Larry McMurtry is the author of twenty-four novels, including The Last Picture Show, Terms of Endearment, Lonesome Dove, winner of the 1986 Pulitzer Prize for Fiction, and, most recently, Folly and Glory. His nonfiction works include a biography of Crazy Horse, Walter Benjamin at the Dairy Queen, Paradise, and Sacagawea’s Nickname: Essays on the American West (published by New York Review Books). He lives in Archer City, Texas.
Tim Parks, a novelist, essayist, and translator, is Associate Professor of English Literature at IULM University in Milan. His novel Cleaver was published in February. (April 2008)
Darryl Pinckney is the author of a novel, High Cotton, and Out There: Mavericks of Black Literature.
Thomas Powers is the author of The Man Who Kept the Secrets: Richard Helms and the CIA (1979), Heisenberg's War: The Secret History of the German Bomb (1993), and The Confirmation (2000), a novel.
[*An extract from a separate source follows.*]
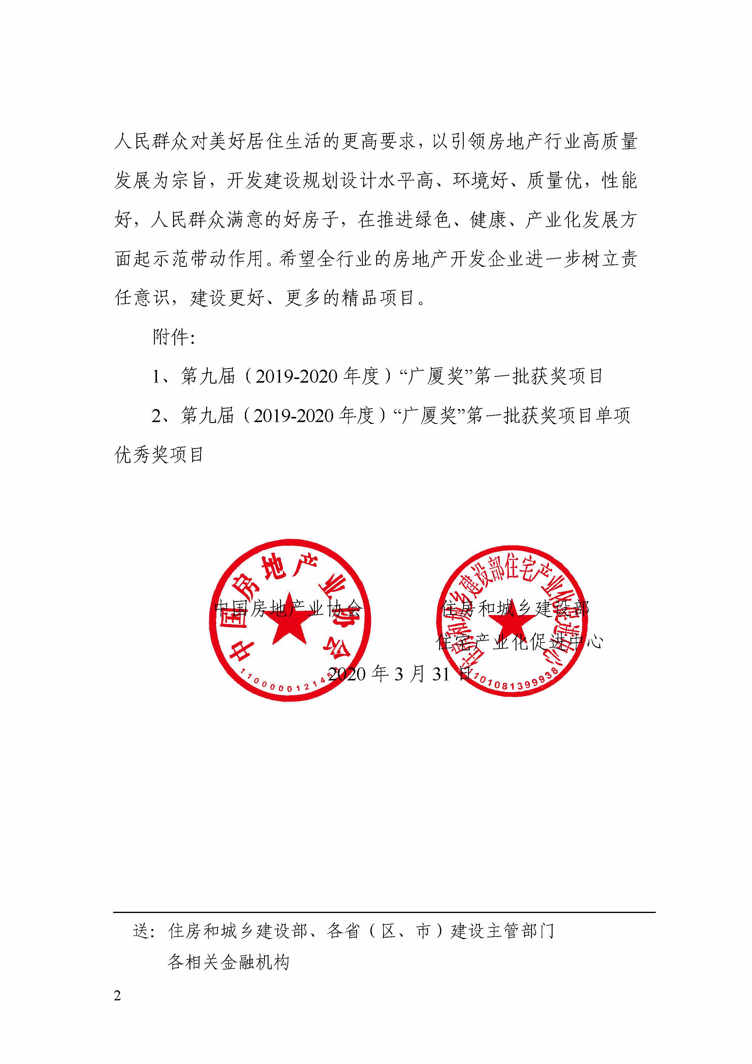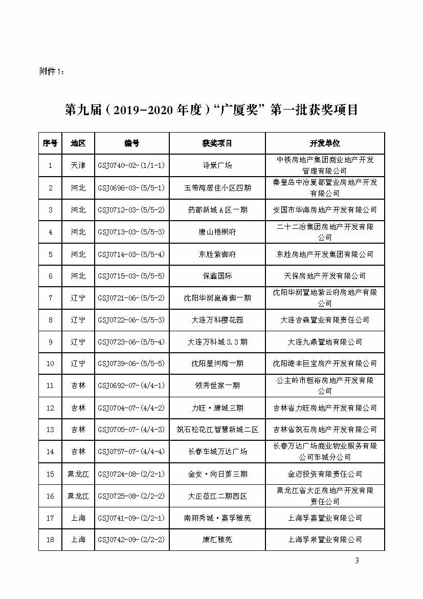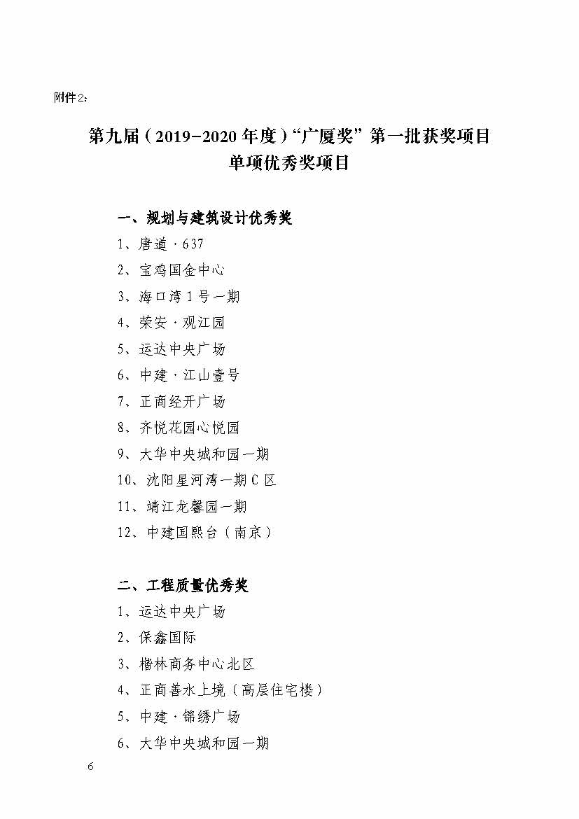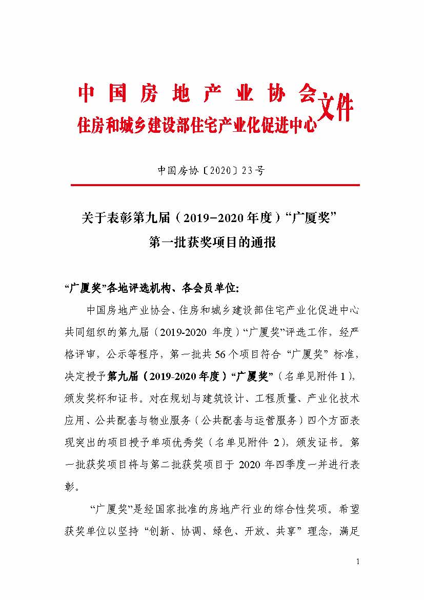 關于表彰第九屆(2019-2020 年度)“廣廈獎” 第一批獲獎項目的通報

He won a Pulitzer Prize for National Reporting in 1971 and has contributed to The New York Review of Books, The New York Times Book Review, Harper's, The Nation, The Atlantic, and Rolling Stone.
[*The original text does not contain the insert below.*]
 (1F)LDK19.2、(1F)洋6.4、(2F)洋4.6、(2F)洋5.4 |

Roger Shattuck is the author of Forbidden Knowledge: From Prometheus to Pornography. He has most recently edited new editions of two books by Helen Keller. He is University Professor Emeritus at Boston University. (May 2005)
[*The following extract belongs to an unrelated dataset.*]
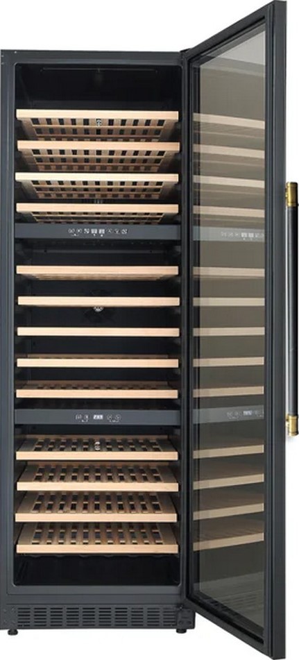 Особенность этой модели — мультитемпературная система с тремя независимыми зонами в единой камере, управляемой компрессорным охлаждением, обеспечивающим стабильность и долговечность работы. Верхний и нижний отсеки позволяют поддерживать температуру в диапазоне от 12 до 22 C, что идеально подходит для хранения красных вин, которым требуется тёплый, но не жаркий режим. Средняя зона, в свою очередь, охлаждается до 5–12 C, создавая оптимальные условия для белых, розовых и игристых напитков, которым необходим более прохладный климат.

Charles Simic is a poet, essayist and translator. He has published twenty collections of his own poetry, five books of essays, a memoir, and numerous of books of translations. He has received many literary awards for his poems and his translations, including the Pulitzer Prize, the Griffin Prize and the MacArthur Fellowship. Voice at 3 A.M., his selected later and new poems, was published in 2003 and a new book of poems My Noiseless Entourage came out in the spring of 2005.
Patricia Storace is the author of Heredity, a book of poems, and Dinner with Persephone, a travel memoir about Greece and Sugar Cane a children's book. She lives in New York.